Edip Polat

Edip Polat is a Kurdish writer and biologist from southeastern Turkey. He is the author of five books about Kurdish issues, and has been jailed three times for advocating for Kurdish rights. In 1994, at the time he won the PEN/Barbara Goldsmith Freedom to Write Award, he was serving an 18-month sentence on charges of producing “separatist propaganda” in his book We Made Each Dawn a Newroz (Newroz being the Kurdish New Year).
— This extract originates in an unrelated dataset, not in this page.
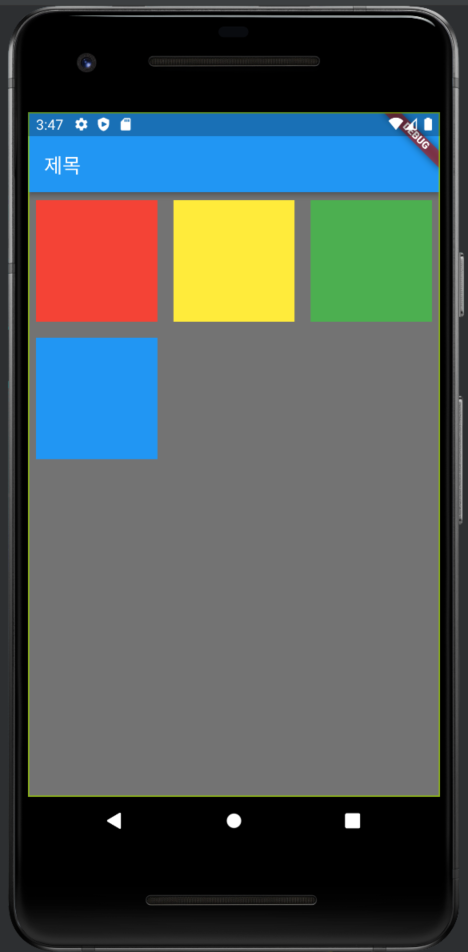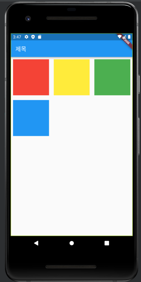 추가적으로, 따로 지정해주지 않은 gridView의 디폴트 사이즈는 전체 화면이다. 따라서 만약 GridView의 사이즈를 따로 지정하지 않고 crossAxisCount를 설정한다면, 전체 화면을 기준으로 구역이 나누어진다.
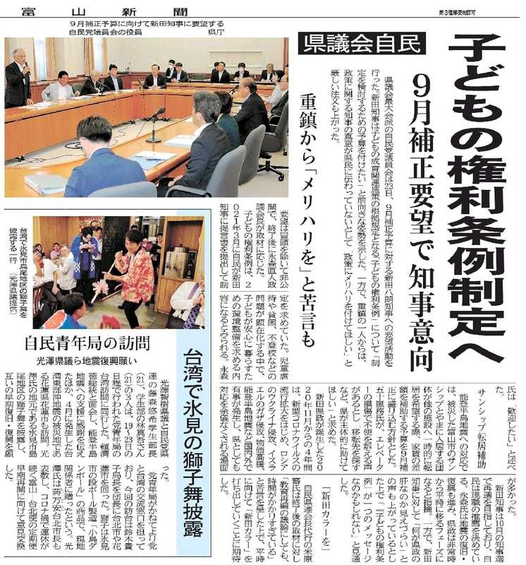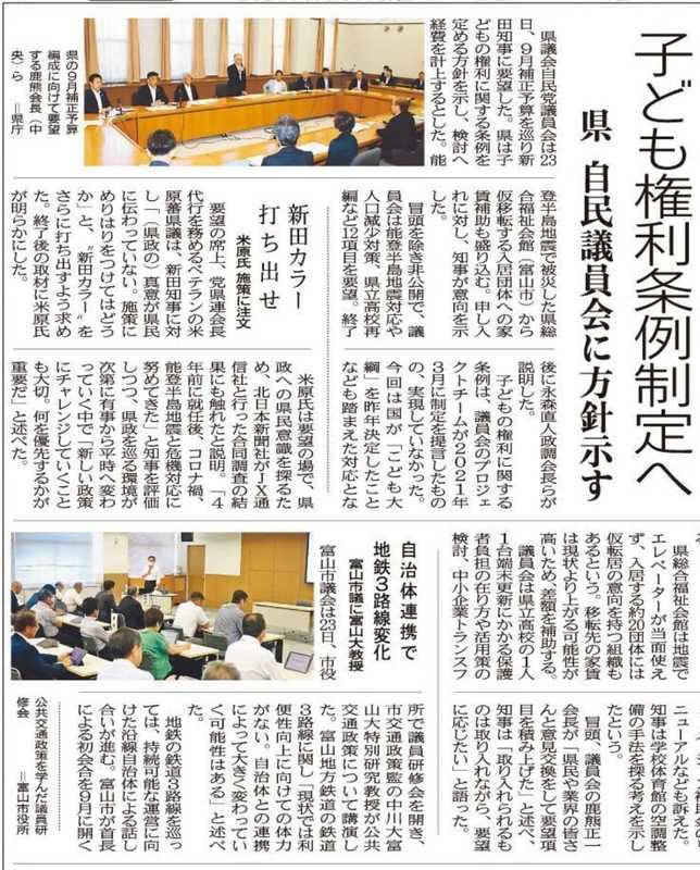 8月23日は新田知事への9月補正に向けた要望活動に同席。自民党県連の政調会が、6月から地域支部•友好団体•知事部局から丁寧にヒアリングした内容を、災害復旧から教育再編まで12テーマの要望書にとりまとめました。 来る9月議会は新田知事にとって1期め最後の議会。私は一般質問に登壇する予定です。しっかり頑張ります!

That book, a work of nonfiction based on his experiences in a military prison between 1982 and 1985, chronicles the grim treatment meted out to inmates by their jailers. He was released in 1995, but was arrested again in 1998 and sentenced to 10 months in prison for an article published in 1993 criticizing the Turkish penal code.

CASE HISTORY

He immediately became a student activist at Diyarbakir University, where he organized rallies promoting human rights. At the completion of his studies, Polat assumed a post as a biology teacher at the Gumushane Teacher Training College. Following the publication of two memoirs about his time spent in prison, he was arrested in 1990, held for six weeks, and acquitted. He was arrested again in 1992 and convicted of producing “separatist propaganda” after authorities deemed that the second edition of We Made Each Dawn a Newroz promoted Kurdish separatism.

Polat was arrested again in April 1998 for an article he published in the Özgür Gündem newspaper in 1993. He was given a 10 month sentence and released on remission on August 3, 1998, under regulations that allow conditional release of Penal Code prisoners after serving 40 percent of their sentences.